In this study, we investigated the therapeutic potential of FBP in the context of oxidative stress-induced damage by mimicking the conditions of dry AMD. The motivation for this exploration stemmed from our earlier findings, demonstrating the effective inhibition of Fas/FasL ligation by FBP in neuronal cell death caused by ischemic stroke [54]. Through a comprehensive exploration of the effects of FBP on retinal cells in AMD, its intraocular delivery, and considerations regarding peptide size, we obtained promising insights relevant for potential applications in the treatment of retinal diseases. We initially established the safety and efficacy of FBP, which inhibited both early and late-stage apoptosis in NaIO3-treated ARPE-19 cells. This not only highlights the potential of FBP in ameliorating cellular damage but also underscores its role in reducing inflammation associated with dry AMD. Despite oxidative stress being the major driver of AMD progression [43], our findings indicate that blocking Fas/FasL signaling with FBP could impede AMD progression by targeting both Fas-mediated apoptosis and ROS-mediated inflammatory death pathways (Figure A1). While apoptosis is the primary outcome of the Fas/FasL interaction, this pathway can also contribute to inflammation through JNK- and ERK-induced TNF-α [62,63]. When cells undergo apoptosis via Fas/FasL signaling, they activate various proteins, such as ASK-1, ERK, p53, and NF-κB, which trigger the intrinsic apoptosis pathway. Initial cell damage activates p53 and NF-κB, resulting in the upregulation of Fas. As a result of Fas signaling, the Fas receptor is overexpressed, and the inhibition of Fas signaling by FBP leads to a decrease in Fas receptor expression. The engagement of Fas to FBP prevents the interaction of Fas to FasL, thereby reducing Fas surface signaling as the Fas molecule that is not engaged may become internalized or degraded [20,23,64]. Fas activates NF-κB, resulting in the expression of the initial stages of ROS signaling by cytokines. Thus, the approach employed by us results in the blocking of the Fas/FasL interaction, resulting in the inhibition of inflammation and apoptosis.
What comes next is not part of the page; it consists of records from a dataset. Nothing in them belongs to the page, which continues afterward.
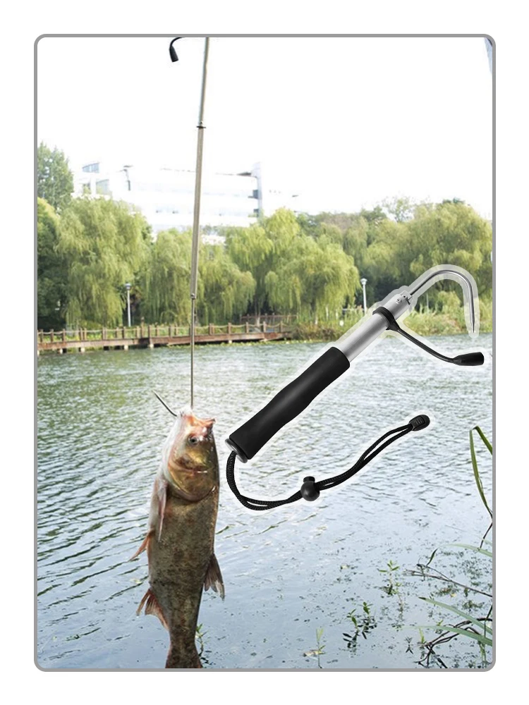 Estiramiento a una longitud adecuada, inserte directamente la punta del anzuelo en el cuerpo del pez o en la boca del pez y levante el pez fuera del agua.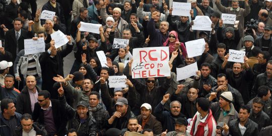 Ben Ali chassé, la lutte change d’enjeu. Le Gouvernement intérimaire a été formé avec huit ministres de Ben Ali dont quatre aux postes clés, trois membres des partis d’opposition et des représentants de la société civile, dont des membres de UGTT. Cette composition témoigne de la volonté de la bourgeoisie tunisienne, une fois débarrassée du fardeau Ben Ali, de rétablir un ordre social qui restera conforme au précédent. Même si c’est avec moins de violence que les semaines précédentes, les forces de police dispersent encore sans ménagement les manifestants qui protestent contre ce gouvernement, qualifié par eux de « mascarade », car il fait la part belle au RCD.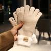 New Women's Thickened Thermal Gloves Winter Simple Plush Splicing Versatile Dew Finger Knitted Gloves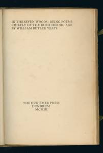 A collection of poetry by W. B. Yeats published in 1903 by Elizabeth Yeats's Dun Emer Press, the first edited by this publishing house. On title page, "Dundrum" follows "The Dun Emer Press". "Here ends In the seven woods, written by William Butler Yeats, printed, upon paper made in Ireland, and published by Elizabeth Corbet Yeats at the Dun Emer Press, in the house of Evelyn Gleeson at Dundrum in the county of Dublin, Ireland, finished the sixteenth day of July, in the year of the big wind 1903"--Colophon. This volume represents the first book of Yeats' "middle period" in which he eschewed his previous Romantic ideals and preference for pre-Raphaelite imagery, in favor of a more spare style and an anti-romantic poetic stance . Includes the poems "The Folly of Being Comforted" and "Adam's Curse" and the play "On Baile's Strand: A Play".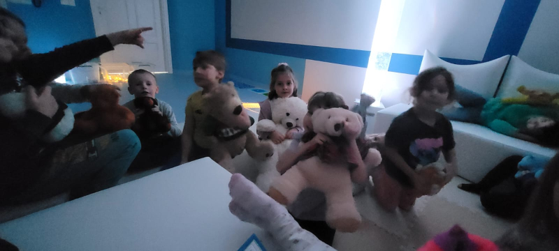W grupie Stokrotek obchodziliśmy dziś Dzień Pluszowego Misia. Towarzyszyły nam praktykantki z liceum ogólnokształcącego, które obserwowały przebieg zajęć. Dzieci pomagały „wyleczyć” chorego misia, ćwicząc przy tym umiejętności matematyczne. Poznały także bajkę o Złotowłosej i trzech misiach, a podczas części sensorycznej z zaangażowaniem szukały niedźwiedzich łapek ukrytych w hydrożelowych kuleczkach. Na zakończenie przenieśliśmy się do ulubionej sali „Zajączków”, gdzie odbyła się relaksacja przy czytanej przez nauczyciela bajce.

Intraocular delivery poses a substantial challenge in ocular therapeutics [48]. We explored FBP delivery via eye drops and noted successful intravitreal delivery but limited efficacy with conventional eye drops. To overcome this, we harnessed hexa-arginine as a useful moiety for the delivery of FBP. The modified 6R-FBP exhibited successful localization in the Fas-expressing posterior part of the eye in NaIO3-induced retinal degeneration mice. This strategy not only highlights the importance of considering delivery mechanisms but also offers a potential solution for targeted ocular drug delivery, as used by others [51]. However, we chose hexa-arginine to minimize the number of positively charged arginine residues, thus avoiding cell toxicity and maximizing the efficiency of CPP (Figure S3). The 6R-FBP eye drops are efficiently localized in the Fas-expressing posterior part of the mice’s eyes in the RPE area, with strong fluorescence signals in NaIO3-induced retinal degeneration mice but not in normal mice, without causing cell death. Administration of 6R-FBP eye drops to NaIO3-induced retinal degeneration mice resulted in a significant reduction in retinal degeneration compared with that in the control group, which exhibited retinal collapse, the presence of inflammatory cytokines, and an increase in M1 macrophages (Figure 3). However, characterizing infiltrating cells based solely on CD11c/CD206 qPCR expression may present inadequacies. Therefore, there is a need for further characterization at the protein and cellular levels using additional surface marker proteins. Our results strongly suggest that 6R-FBP effectively blocks the Fas/FasL interaction, leading to the inhibition of apoptosis and inflammation, thereby positioning 6R-FBP as a promising inhibitor of AMD progression. These findings align with previous research demonstrating that Fas knockout mice are resistant to AMD progression, highlighting the potential benefits of blocking Fas activity in the retina for AMD treatment [31]. While pharmacologic inhibition of the Fas/FasL interaction has been achieved through intraocular injection of macromolecules, such as anti-Fas antibodies, soluble FasL, and Fas receptor antagonists, their application is limited by severe side effects [65]. In contrast, the application of small peptide mimetics that block the Fas–FasL interacting complex through eye drops shows promise for clinical application [66,67].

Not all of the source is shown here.